I think there is a distinct class the author did not mention which I would call the Academic class.
I feel like I can fake being part of this class, but decidedly am not. I really took to school, though. My mom and her brothers, and really even my grandma and grandpa were really uneducated, but very, very smart. My youngest uncle got scholarships to different higher level high schools, but got in trouble for taking the tests and couldn't go. He ended up going in the Army, and then worked for the Post Office, where he worked his way up to being the supplies manager for the region. He retired at 50 to become a massage therapist. My mom worked for Social Services as a Welfare Examinaer, and my other uncle cut trees for Niagara Mowhawk Power company. Everyone but my mom ended up with awesome retirement benefits. My mom and uncles read like crazy people and our family get-togethers include massive, massive trivial pursuit games. My kind of mean uncle does make fun of me a lot for being too educated, which is kind of weird.
Second Google interview went well.

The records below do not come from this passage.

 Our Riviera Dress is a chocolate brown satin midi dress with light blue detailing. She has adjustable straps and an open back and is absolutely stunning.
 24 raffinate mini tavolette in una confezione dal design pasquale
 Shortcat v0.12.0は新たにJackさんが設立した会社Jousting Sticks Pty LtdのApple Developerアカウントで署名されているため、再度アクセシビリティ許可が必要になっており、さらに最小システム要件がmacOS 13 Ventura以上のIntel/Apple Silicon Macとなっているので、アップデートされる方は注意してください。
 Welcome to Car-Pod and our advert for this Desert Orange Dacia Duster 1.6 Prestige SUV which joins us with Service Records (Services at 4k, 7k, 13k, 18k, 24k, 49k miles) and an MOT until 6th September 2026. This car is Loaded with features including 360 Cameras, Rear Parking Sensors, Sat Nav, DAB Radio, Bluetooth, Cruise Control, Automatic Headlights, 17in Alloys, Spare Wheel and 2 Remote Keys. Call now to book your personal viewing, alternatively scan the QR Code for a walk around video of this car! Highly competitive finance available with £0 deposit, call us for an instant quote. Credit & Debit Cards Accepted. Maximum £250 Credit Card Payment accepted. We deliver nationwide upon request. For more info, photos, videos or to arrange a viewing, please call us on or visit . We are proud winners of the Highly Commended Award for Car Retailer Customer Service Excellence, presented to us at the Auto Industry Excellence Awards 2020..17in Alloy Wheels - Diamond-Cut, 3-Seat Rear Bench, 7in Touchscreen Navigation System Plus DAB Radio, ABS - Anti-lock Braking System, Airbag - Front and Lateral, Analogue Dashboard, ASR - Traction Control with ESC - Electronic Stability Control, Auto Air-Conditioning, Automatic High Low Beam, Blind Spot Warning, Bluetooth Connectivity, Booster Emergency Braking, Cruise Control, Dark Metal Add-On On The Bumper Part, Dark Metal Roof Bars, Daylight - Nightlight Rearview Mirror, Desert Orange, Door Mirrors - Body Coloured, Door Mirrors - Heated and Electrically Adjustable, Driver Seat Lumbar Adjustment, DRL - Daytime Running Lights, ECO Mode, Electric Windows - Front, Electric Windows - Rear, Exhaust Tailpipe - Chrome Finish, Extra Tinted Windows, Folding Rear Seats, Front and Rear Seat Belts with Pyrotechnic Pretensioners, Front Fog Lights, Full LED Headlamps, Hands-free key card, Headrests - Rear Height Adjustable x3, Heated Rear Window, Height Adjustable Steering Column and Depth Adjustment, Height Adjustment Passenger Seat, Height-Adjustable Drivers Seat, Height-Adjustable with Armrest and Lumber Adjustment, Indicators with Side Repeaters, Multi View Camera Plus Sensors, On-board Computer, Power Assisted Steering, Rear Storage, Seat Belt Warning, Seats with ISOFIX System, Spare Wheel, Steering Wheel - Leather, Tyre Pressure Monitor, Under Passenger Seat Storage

I'm hoping to know what's what this week. Have successfully stalled other job offer company. Now I will make a big pot of chili and then send thank you e-mails.
Second Google interview went well.
Yay! And lots of fingers crossed.
Woo-hoo! Google and chili sounds like a fabulous Monday!
Woo hoo, shrift!! Fingers crossed!!!
I'd think most "Academic Class" are middle class. Sometimes they came from money or poverty and make or lose money, but its basically Respectable Middle Class.
It seems like a lot of Americans would like to think that we don't HAVE class divisions, that its somehow unamerican to think in those terms. And that may have been some early utopian meritocracy vision of what the Republic would be... but what wound up happening is that we
do
have social classes, we just have the not-so-common in the world ability to switch between them.
we just have the not-so-common in the world ability to switch between them
I was just watching a documentary about China yesterday, and they were giving examples of class switching. Once China's doing it, it's almost by default not uncommon anymore, no?
Asks she with the cousin who was one generation from barefoot-to-school and now sits in British Parliament.